Several new studies have shown, that the defect size plays a major role in the clinical outcome of the different procedures. Thus, it makes sense to measure the size of a cartilage defect before indicating a certain method for biological repair.

Material and Methods: We have developed a software (beta-version) for measuring the size of a cartilage defect during a routine arthroscopy in a real-time mode. The programme is based on an Infrared-Navigation tool (Orthopilot, B.Braun-Aesculap, Germany).

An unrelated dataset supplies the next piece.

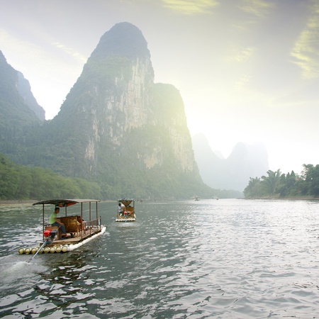 Bamboo rafting in the Yulong River surrounded by dramatic landscape of limestone karst.

In order to proof the reliability and the usefulness of this device, we carried out following study: in each of 6 cadaver-knees we performed 2 full-thickness cartilage defects (MFC and LFC) of different size.

In a first run 3 surgeons had to scope the joint and estimate the defect size with means of a scaled probe-hook. In a second run we performed a measurement of the defect with the Orthopilotâ„¢; finally an open measurement after arthrotomy was done to act as reference.

Results: Measurement of the cartilage defect size was clearly superior to an estimation by probehook. Especially the inter-observer difference between the surgeons was widely spread, whereas the max. mismeasurement with the Orthopilot was 2mm.

Discussion: Our study has shown, that navigational-assisted determination of chondral defects is superior to a simple estimation of a defect size by a probehook. Considering that the defect size is a crucial point in choosing the appropriate procedure for the treatment of cartilage defects, navigation devices like the CDM-software is maybe a helpful tool in making the right decision for a suitable method of biological cartilage repair.